Сравним употребление грамматического рода Фонвизиным в тексте: «Имея монархиню честного человека...»1 Характерно также изменение грамматического рода в аналогичной ситуации у Щербатова в рассуждении о Елизавете: «Да можно ли было сему (порче нравов. — Ю. Л.) инако быть, когда сам Государь прилагал все свои тщании ко украшению своея особы, когда он за правило себе имел каждой день новое платье надевать, а иногда по два и по три на день, и стыжусь сказать число, но уверяют, что несколько десятков тысяч разных платей после нея осталось2. Сочетание мужского рода глаголов и перечисление женских деталей одежды создает особенно интересный эффект. Несколькими строками дальше Щербатов, переходя от риторического стиля к среднему, переводит и Елизавету в грамматический женский род.
Примерами того, что женская эмансипация в XIX в. практически означала присвоение себе роли и одежды мужчины, могут быть Жорж Санд, соединившая присвоение мужского псевдонима и переодевание в мужскую одежду, и знаменитая кавалерист-девица Дурова. Н. А. Дурова в своих, восхитивших Пушкина, записках описывает «превращение в мужчину» — избрание не только мужской одежды, но и мужской судьбы — как обретение свободы:
«Итак, я на воле! свободна! независима! я взяла мне принадлежащее, мою свободу: свободу} драгоценный дар неба, неотъемлемо принадлежащий каждому человеку! Я умела взять ее, охранить от всех притязаний на будущее время, и отныне до могилы она будет и уделом моим и наградою!»3
Несмотря на несколько патетический тон, восклицание это, безусловно, искренне.
Переодевание женщины в мужскую одежду могло иметь и другой смысл, если сопровождалось переодеванием мужчины в женскую. Это можно считать одним из вариантов эмансипации: если мужская одежда лишь подчеркивала пикантные черты внешности молодой и стройной красавицы (с этим, например, связана любовь Елизаветы к переодеванию в мужское платье), придавая им некоторый оттенок двусмысленности4, то переодевание мужчины в женскую неизменно понижало его в ранге, превращая в комического героя.
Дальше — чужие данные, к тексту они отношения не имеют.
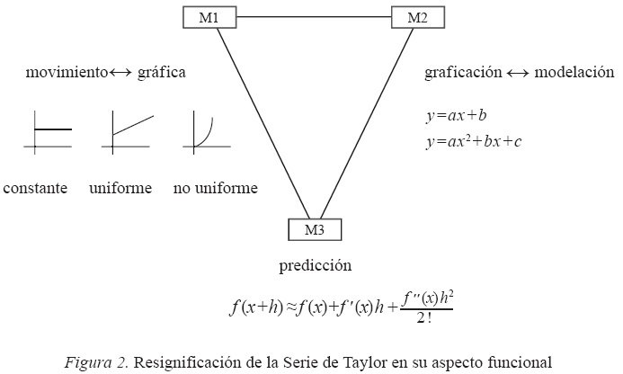 En este sentido, la problemática trata la resignificación de la Serie de Taylor (ST) en una situación de modelación del movimiento (SM-M), donde la resignificación es la construcción del conocimiento mismo en la organización normado por lo institucional; es decir, es el uso del conocimiento en una situación específica donde se debate entre su funcionamiento y forma acorde con lo que organizan los participantes. La resignificación está articulada con los aspectos funcionales y del uso del conocimiento en cuestión. En consecuencia, se debe elaborar una epistemología que analice las circunstancias que favorecen la construcción social del conocimiento matemático. En este caso, los elementos que entran en juego en la epistemología son la predicción, la graficación-modelación y el movimiento; todos estos deben estar articulados. Una de las formas en que podemos apreciar su articulación es en la SM-M, ahí se someten los participantes a ciertas actividades donde se utiliza tecnología para identificar las gráficas como movimientos.

Сравним многочисленные случаи вынужденного переодевания мужчин в женское платье в романах и комедиях XVIII в. Современный читатель может вспомнить бегство д'Артаньяна из спальни Миледи или же «Домик в Коломне»:
1Фонвизин Д. И. Собр. соч.: В 2 т. / Сост., подгот. текстов, вступ. ст. и коммент. Г. П. Макогоненко. М.; Л., 1959. Т. 2. С. 50, 274.
2 Щербатов М. М. Соч. князя М. М. Щербатова: [В 6 т.] СПб., 1898. Т. 2. Стб. 219.
3Дурова Н. А. Избр. соч. М., 1983. С. 43—44.
4 С этим можно сопоставить переодевание молодой дворянки в крестьянское платье: это допускало иной, значительно более доступный тип поведения, и одновременно позволяло мужчине большую степень свободы обращения, ср. «Барышню-крестьянку» Пушкина. Интересные детали этого см. дальше в описании поведения А. Орловой-Чесменской.
84
«Да где ж Мавруша?» — «Ах, она разбойник! Она здесь брилась!.. точно мой покойник!» (V, 92)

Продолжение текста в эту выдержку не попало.